If we're allowing ourselves a little informality, then I'd appeal to
the notion of observer moment. Within any observer moment, a finite
number of bits of the bitstrings has been read, and processed by the
observer. Since only a finite number of bits have been processed to
determine the meaning of reality at that moment, the
observer map O(x) is a prefix map. Hence at any point in time the
arguments in section 2 of the paper hold.

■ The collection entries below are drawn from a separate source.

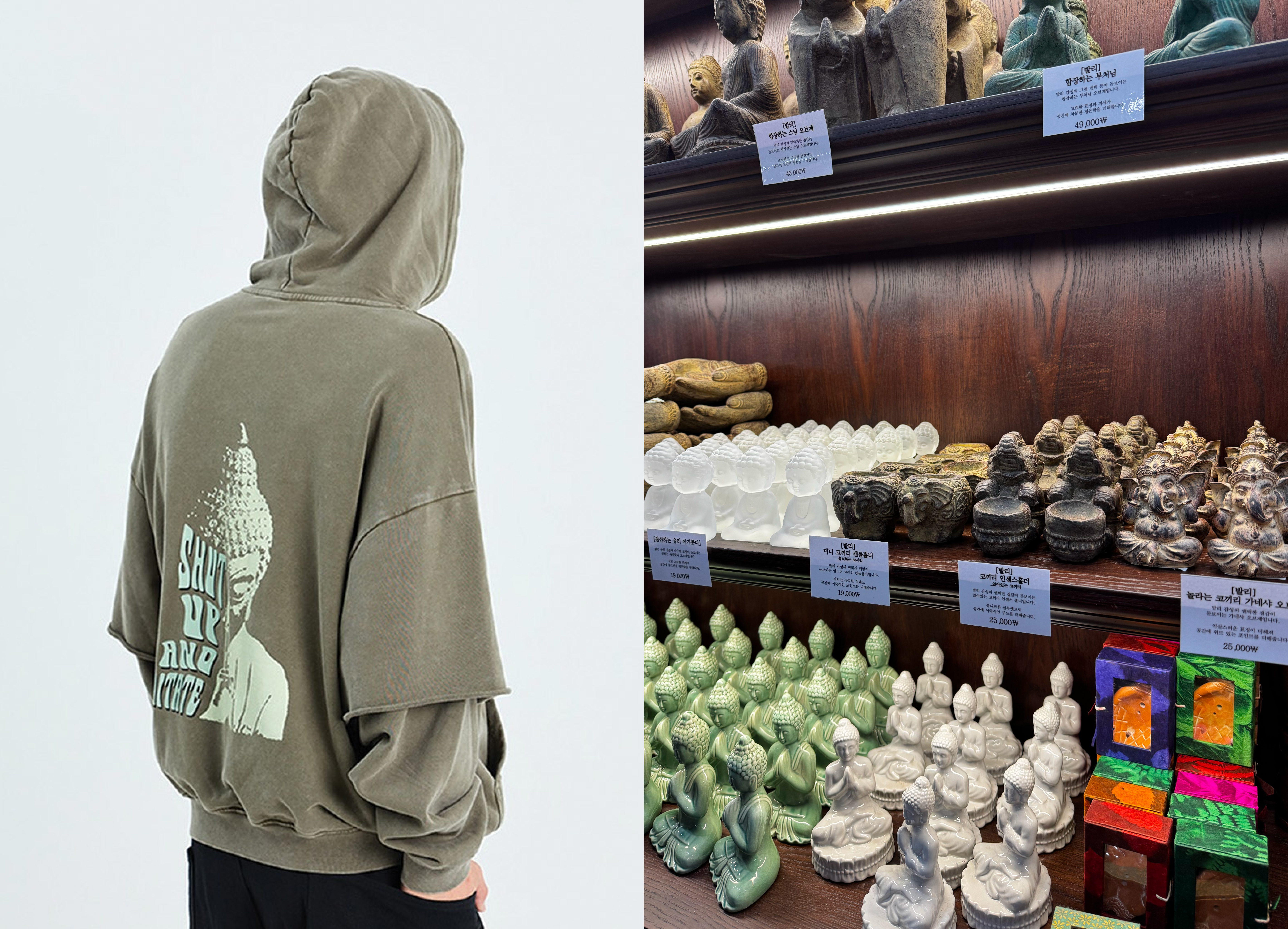✔ 부처·연꽃 등 불교 관련 오브제를 현대적으로 재해석한 디자인이 특징. 제품 중엔 스트릿 브랜드 감성의 티셔츠·맨투맨이 특히 인기를 끌고 있음.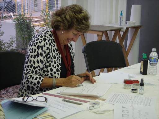 Had a great first day with Barb. She is a very gracious and sharing person. I wonder why it is that calligraphic artists are always so sharing? But they are! We reviewed the formal copperplate hand and then progressed into a more informal script. It is 7:30 and I'm off to the studio to play with new ideas from the day!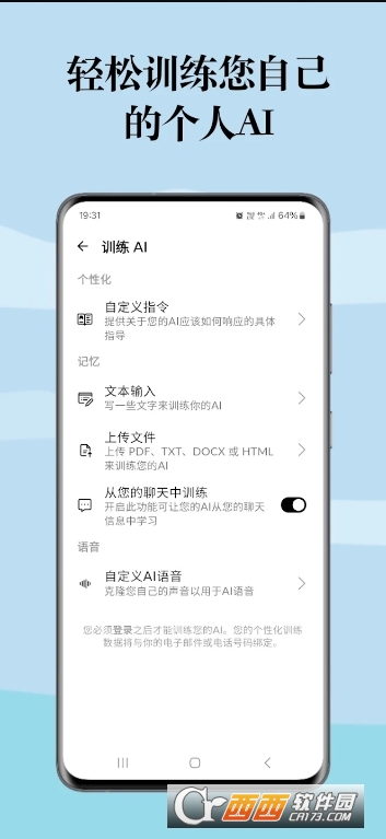1、“自主训练无限制,AI适配性强”:软件创新推出“全场景自主训练”功能,打破AI功能固定的局限。用户可上传任意类型数据进行训练,训练方向无限制,训练过程支持实时调整;训练完成后,AI会基于训练内容优化回答逻辑,例如企业导入客户服务话术库后,AI可精准回复客户咨询,个人导入学习笔记后,AI可辅助梳理知识点,让AI真正贴合用户的使用场景与需求。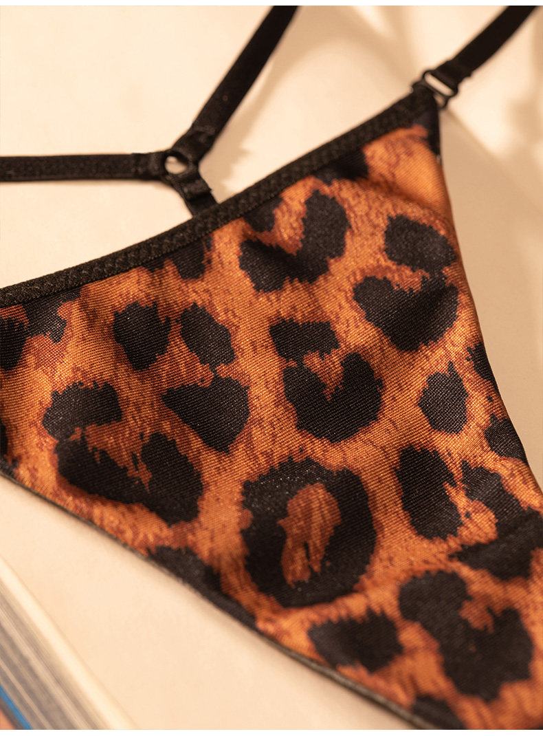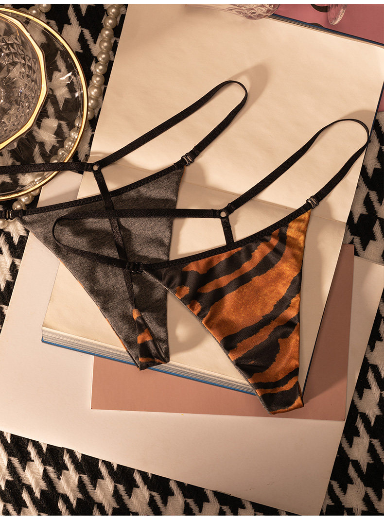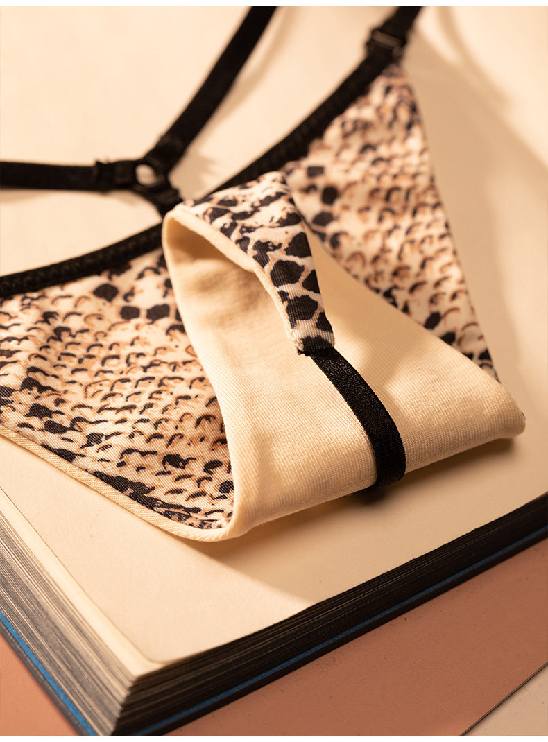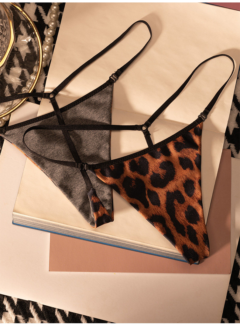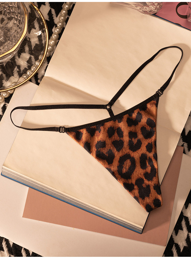2024 Autumn and Winter New Leopard Print Thong Sexy Women's Underwear European and American Seamless One-String Thin Strap T-Pants Y Large Size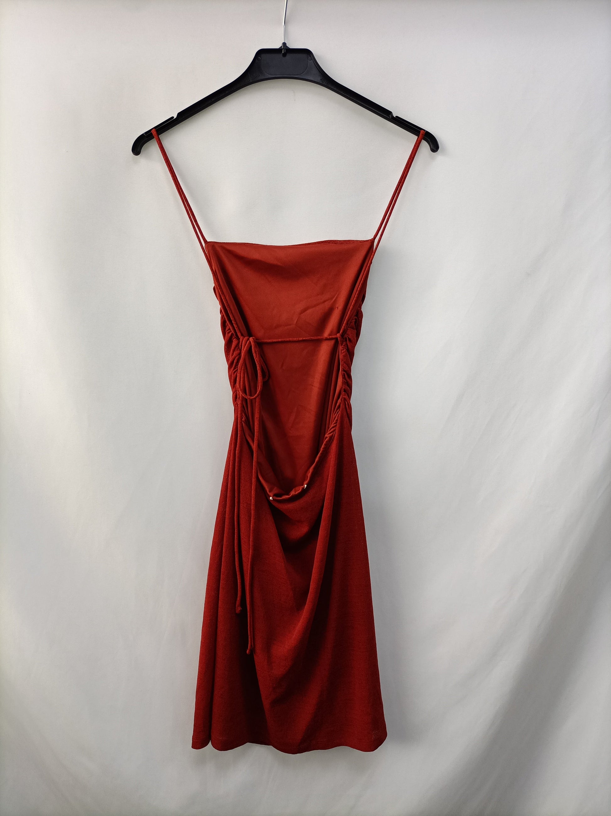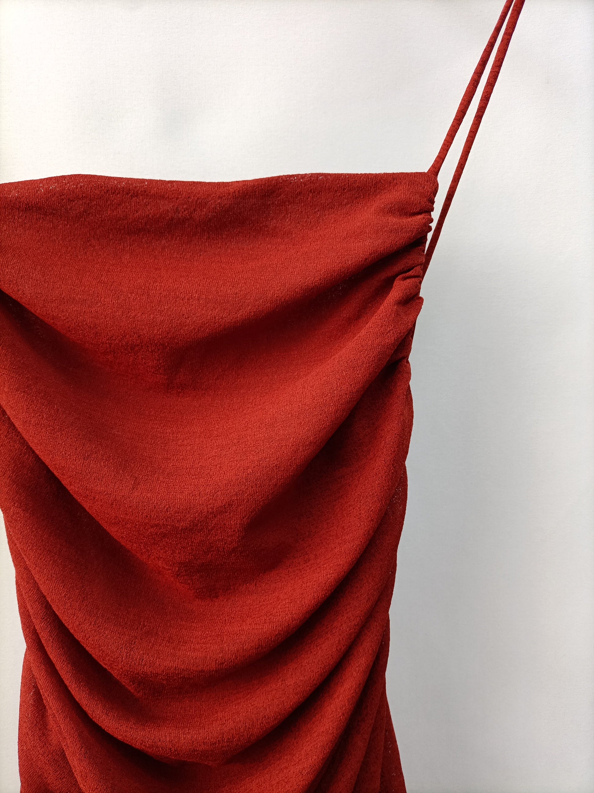 vestido corto jaspeado color teja con la espalda al aire y detalles fruncdos. largo 84 cm

The meaning O(x) could also be called the "observer moment". If
observer moments are enumerable, one can inject OMs into the set of
natural numbers.

Observers find themselves embedded in a psychological time. I have not
been explicit about exactly what this time is, however I envisage it
to probably be what mathematicians call a "time scale", which is a
closed subset of the real numbers. Time could be continuous, or it
could be discrete (eg the set of natural numbers). It could be
something else, eg rational numbers or the Cantor set. All of these
are example time scales. The exact nature of time is something to be
settle later (if possible), but if you are more comfortable witrh
discrete time (as many are on this list), then you are welcome to use integers.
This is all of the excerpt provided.